Data you can’t replicate. Real-world operational data — the stuff that only exists because you’ve been embedded in an industry for months or years — that’s what makes an AI product defensible. Not the model. The training signal.

The trap most founders fall into

The trap is optimizing for demo quality instead of deployment quality.

It’s easy to build something that looks impressive in a 20-minute pitch. It’s hard to build something that runs reliably in a dental office at 11pm when no one is watching.

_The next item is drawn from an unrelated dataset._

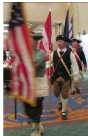
Flags entering the hall.
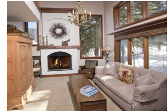
Under Contract by East Vail Team 18 Riverbend $1,199,000 - asking price 3 bedrooms & next to Bighorn

The AI products that are winning in 2026 are boring in the best way. They’re not showcasing capabilities — they’re quietly handling the work that used to fall through the cracks. The front desk that answers after hours. The workflow that doesn’t need a human to babysit it. The report that just shows up, accurate, on Monday morning.

The reframe

If you’re building on AI right now, here’s what I’d push you toward:

Stop asking: “Which model should we use?”

Start asking: “What do we know about this customer’s problem that no foundation model was trained to understand?”

The answer to that question is your actual product.

The model is the engine. You’re building the car. And nobody buys a car because of the engine spec — they buy it because of where it takes them.

Founder Takeaway

Do a quick audit of your pitch deck. How much of your “defensibility” slide is actually about model choice vs. what you know about the customer’s workflow? If it’s mostly the former, that’s a gap. The founders building durable companies in this cycle are the ones who figured out that the model is table stakes — and went deep on the part that can’t be replicated with an API key.